Monday, January 19, 2009

Fanfare

I've got too much of twilight and the series rubbing off on me. I've been so addicted to those books like those were my -- personal brand of heroin, as how they put it in the book.
Part of me stopped work for an additional week just to read the books, and at the current rate that i'm devouring, i think 2 days is enough for me to be done with the entire series. I'm already wondering what i'm going to do with the remaining wednesday, thursday and friday by myself home alone. It's stupid telling them that i'm planning to work again -- so much for my indecisiveness. Then again, when i think of the work that i'll be doing, i can almost shut my eyes and wished i was better off lying in bed till late noon.

Human beings tend to be to fickle minded. When i don't have, i crave for it; and when i do have, i take it for granted.
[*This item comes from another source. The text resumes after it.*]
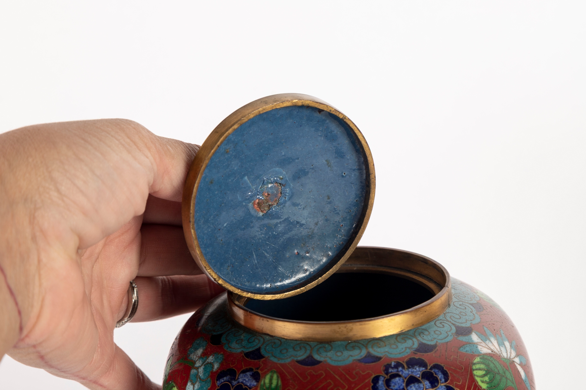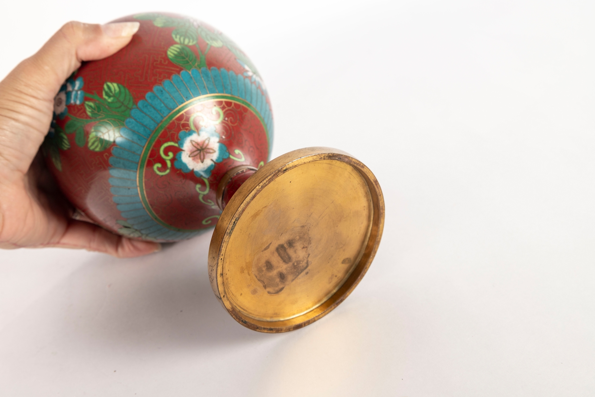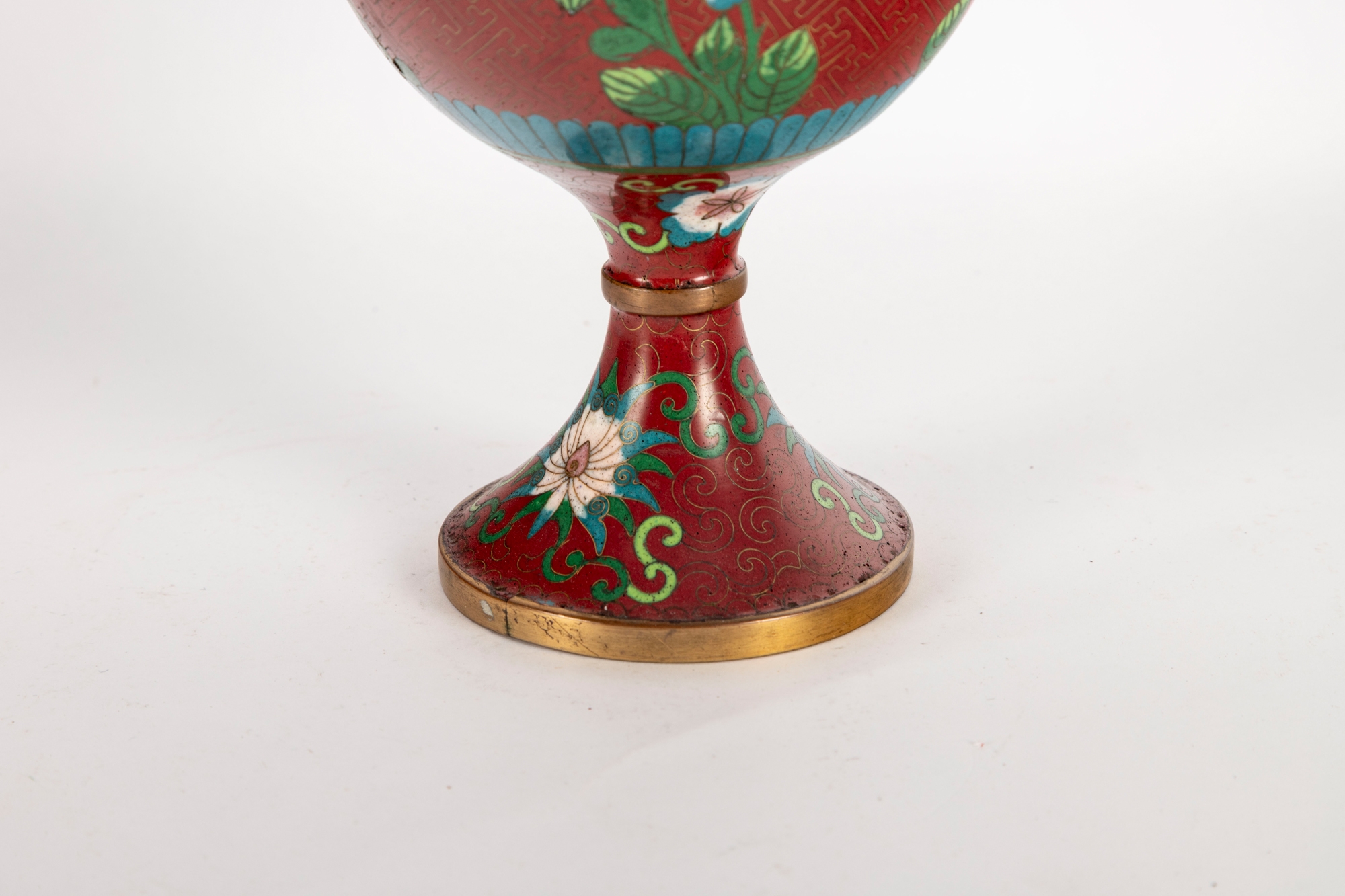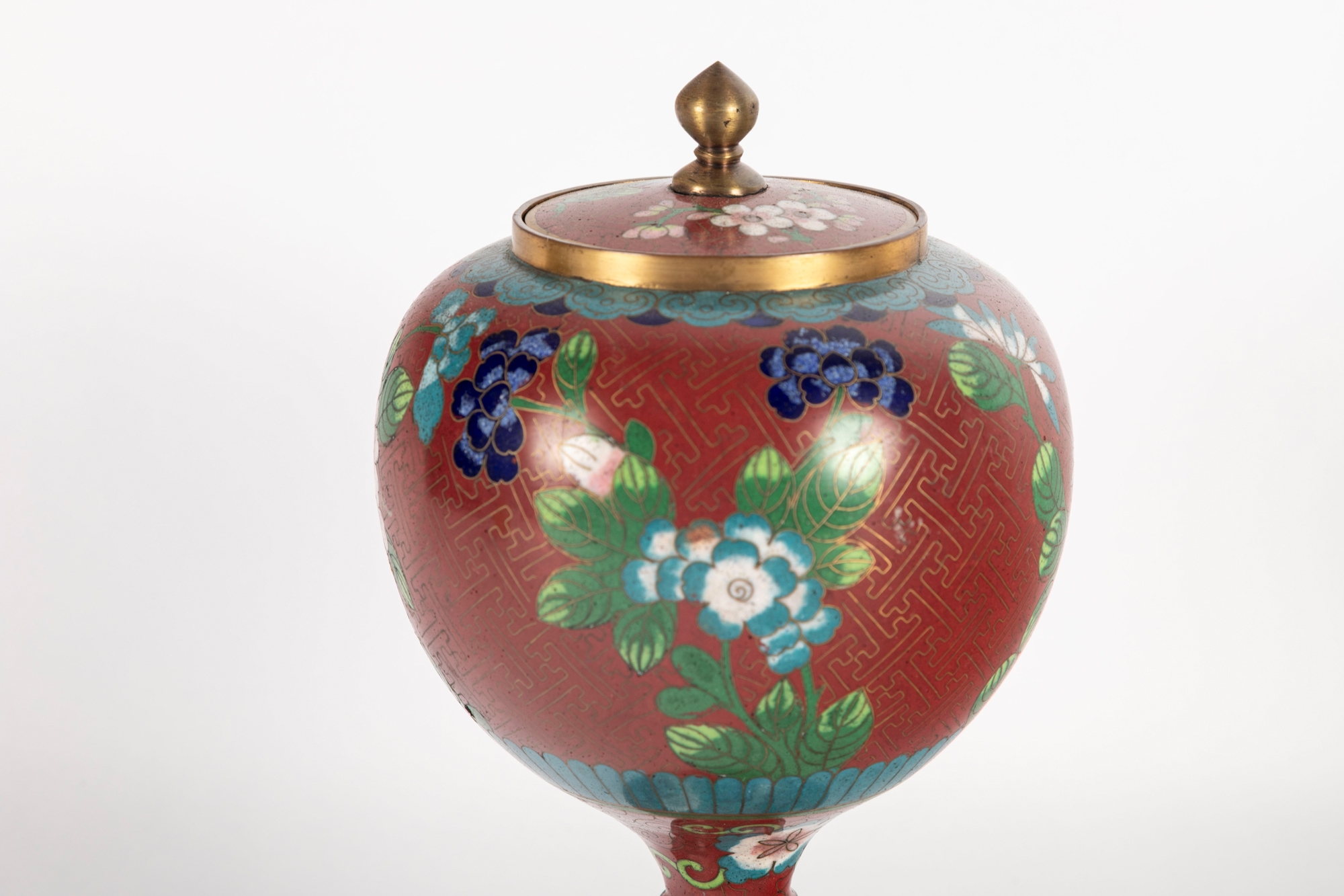 An elegant cloisonné enamel over brass goblet-form lidded vessel featuring vibrant floral motifs on a red ground. The intricate enamel work displays blossoms in blue, green, and white tones surrounded by foliate scrolls and geometric patterns

I think i'm living in a different century prefering a different generation of people to be surrounded by. I'm aging much too fast mentally that i think i wouldn't even get married off because my expectations would have long shot through into space, sharing the same frequency with the meteors up there. I don't even know if i would be able to handle the new environment in JC with boys all over again just like in primary school. TKGS had done quite a lot for my growing up years. It might take a little getting used to, i guess.

I've always had this little fantasy of mine - my charming prince sweeping me off my feet and serenading me with a saxaphone on the other hand -- though that would be technically impossible, but what's a dream if there isn't a little bit of impracticality involved?